To convert this file to on_teaching_mathematics.html I run pandocomatic:

pandocomatic -i on_teaching_maths.md

With just two extra lines in a metadata block I can tell pandocomatic what template to use when converting a file. You can also use multiple templates in a document, for example to convert a markdown file to both HTML and PDF. Adding file-specific pandoc options to the conversion process is as easy as adding a pandoc property with those options to the pandocomatic_ metadata property in the source file like I did with the output property in the example above.

Once I had written a number of related documents this way, it was a small step to enable pandocomatic to convert directories as well. Just like that, pandocomatic can be used as a static site generator!
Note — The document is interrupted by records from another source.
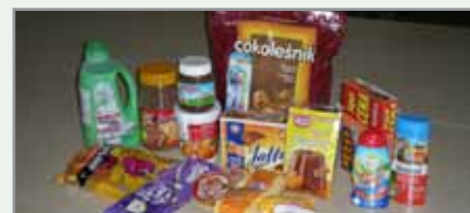
Paket pomoči za otroke

• Ob koncu leta smo za pripravili 30 paketov pomoči za socialno ogrožene učence in 36 manjših paketov pomoči za upokojence. Razdelili smo jih v sodelovanju z osnovnimi šolami in društvi upokojencev z območja naše četrtne skupnosti.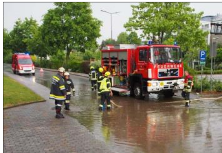
10.05.2018 Unwetterfront zieht über Waidhofen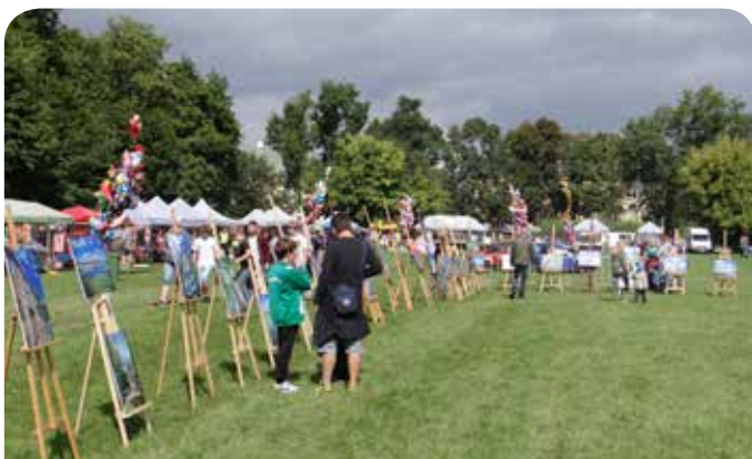
Wystawa zdjęć z obszaru Lokalnej Grupy Rybackiej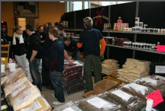
Futter, Futter und nochmals Futter, XTREMEBAIT!

Pandocomatic is free software; pandocomatic is released under the GPLv3. You find pandocomatic’s source code on github.

Installation

Pandocomatic is a Ruby program and can be installed through RubyGems as follows:

gem install pandocomatic

This will install pandocomatic and paru, a Ruby wrapper around pandoc. To use pandocomatic, you also need a working pandoc installation. See pandoc’s installation guide for more information about installing pandoc.

You can also build and install the latest version yourself by running the following commands:

cd /directory/you/downloaded/the/gem/to
docker image build --tag pandocomatic:dev .
docker container run --rm -it --volume $(pwd):/home/pandocomatic-user pandocomatic:dev bundle exec rake build
gem install pkg/pandocomatic-2.0.1.gem

You only have to do the second step one time. Once you’ve created a docker image, you can reuse it as is until Dockerfile changes.

Examples

Convert a single file

Convert hello.md to hello.html according to the configuration in pandocomatic.yaml:

pandocomatic --config pandocomatic.yaml -o hello.html -i hello.md

Convert a directory

Generate a static site using data directory assets, but only convert files that have been updated since the last time pandocomatic has been run:

pandocomatic --data-dir assets/ -o website/ -i source/ -m

Generating pandocomatic’s manual and README files

Generate the markdown files for pandocomatic’s manual and its github repository README:

git clone https://github.com/htdebeer/pandocomatic.git
cd documentation
pandocomatic -d data-dir -c config.yaml -i README.md -o ../README.md
pandocomatic -d data-dir -c config.yaml -i manual.md -o ../index.md

Be careful to not overwrite the input file with the output file! I would suggest using different names for both, or different directories. Looking more closely to the pandocomatic configuration file config.yaml, we see it contains one template, mddoc:

 templates:
   mddoc:
     pandoc:
       from: markdown
       to: markdown
       standalone: true
       filter: 
       - filters/insert_document.rb
       - filters/insert_code_block.rb
       - filters/remove_pandocomatic_metadata.rb
       - filters/insert_pandocomatic_version.rb
   indexdoc:
       extends: mddoc
       postprocessors: ['postprocessors/setup_for_website.rb']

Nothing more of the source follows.